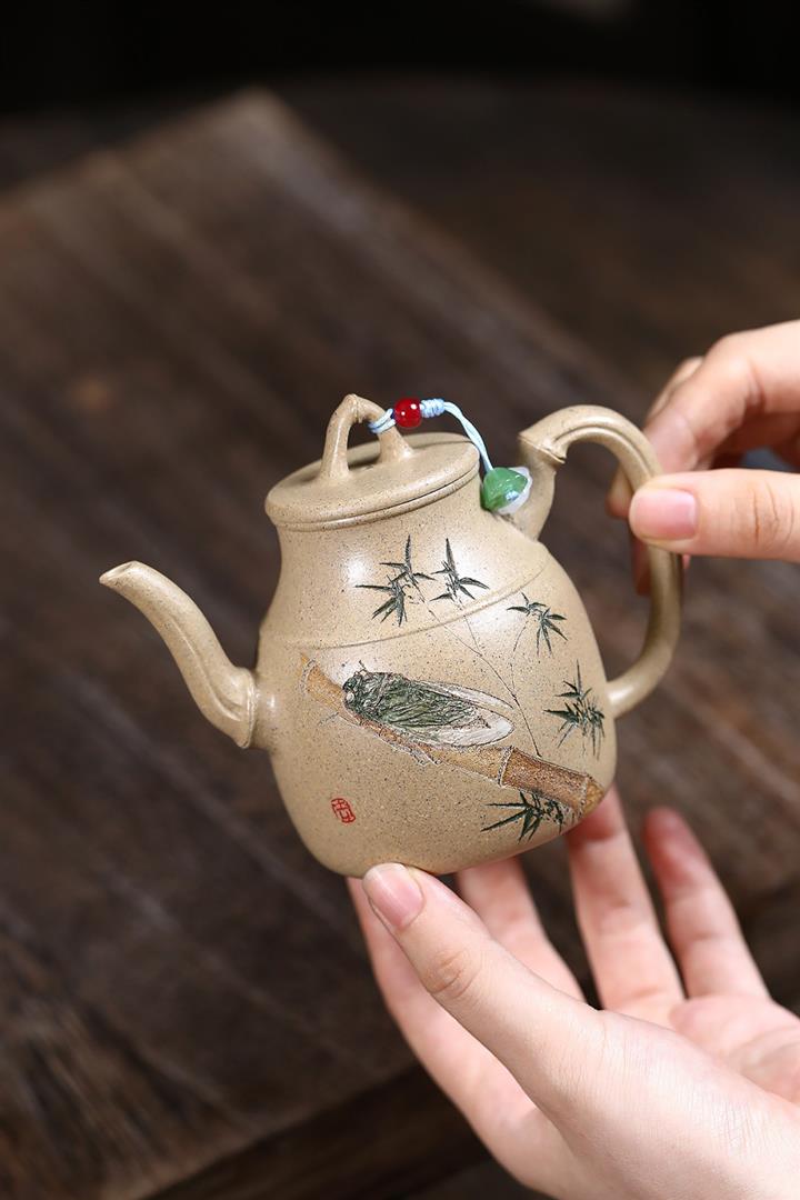 【作品介紹】此款壺形線條流暢,壺把,壺嘴,壺身壹氣呵成栩栩如生,是收藏把玩的好壺,泥料色澤古樸典雅,日久使用,漸露鋒芒,養成變化快,溫潤莊重,用其泡茶,使用的年代久,壺身就溫潤,泡出來的茶湯也就醇郁芳馨。
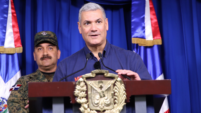 Representantes del Centro de Operaciones de Emergencias, encabezados por el director del COE, general Juan Manuel Méndez; la directora de la Oficina Nacional de Meteorología (ONAMET), Gloria Ceballos; el director de la Defensa Civil, mayor general Rafael de Luna Pichirilo; y ministro de Obras Públicas, Gonzalo Castillo, para informar sobre activa onda tropical al sur del país.
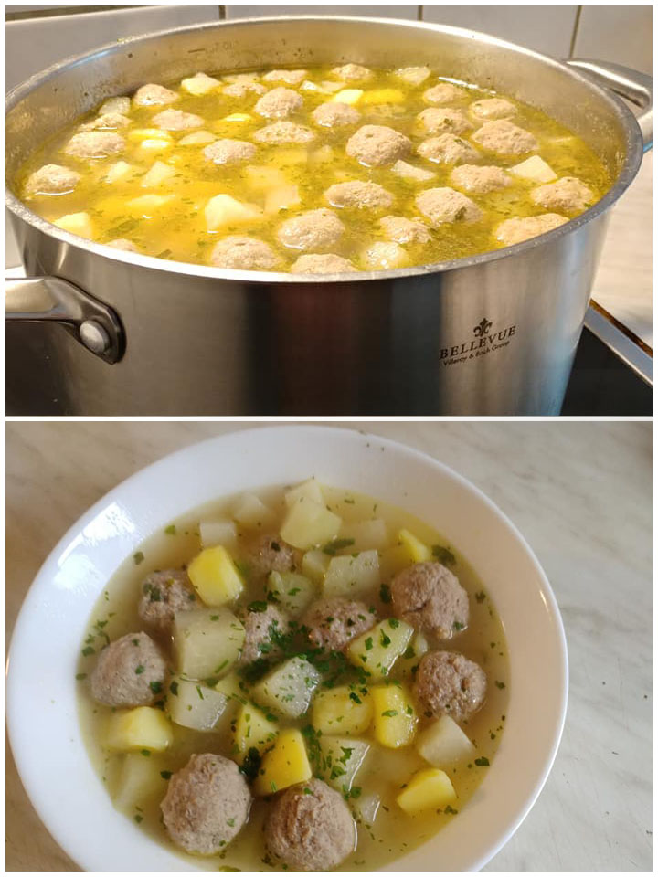 Es ist wirklich ganz simpel. Ich koche in Brühe erst den Kohlrabi vor, so etwa 15min. Dann gebe ich die Kartoffeln dazu. Das ganze kocht noch einmal so 10 min. Zum Schluß die Hackbällchen. Das Gehackte ist ganz normal angemacht mit Ei, Zwiebel, Paniermehl, Senf, Salz und Pfeffer und vorgerollt, das dauert am längsten. Wenn die Klöpschen oben schwimmen , ist es auch schon fertig.

◆ **PROMPT**
Set out the material once more, exact in every line, with no images.

◆ **EXERCISE RESPONSE**
 【作品介紹】此款壺形線條流暢,壺把,壺嘴,壺身壹氣呵成栩栩如生,是收藏把玩的好壺,泥料色澤古樸典雅,日久使用,漸露鋒芒,養成變化快,溫潤莊重,用其泡茶,使用的年代久,壺身就溫潤,泡出來的茶湯也就醇郁芳馨。
 Representantes del Centro de Operaciones de Emergencias, encabezados por el director del COE, general Juan Manuel Méndez; la directora de la Oficina Nacional de Meteorología (ONAMET), Gloria Ceballos; el director de la Defensa Civil, mayor general Rafael de Luna Pichirilo; y ministro de Obras Públicas, Gonzalo Castillo, para informar sobre activa onda tropical al sur del país.
 Es ist wirklich ganz simpel. Ich koche in Brühe erst den Kohlrabi vor, so etwa 15min. Dann gebe ich die Kartoffeln dazu. Das ganze kocht noch einmal so 10 min. Zum Schluß die Hackbällchen. Das Gehackte ist ganz normal angemacht mit Ei, Zwiebel, Paniermehl, Senf, Salz und Pfeffer und vorgerollt, das dauert am längsten. Wenn die Klöpschen oben schwimmen , ist es auch schon fertig.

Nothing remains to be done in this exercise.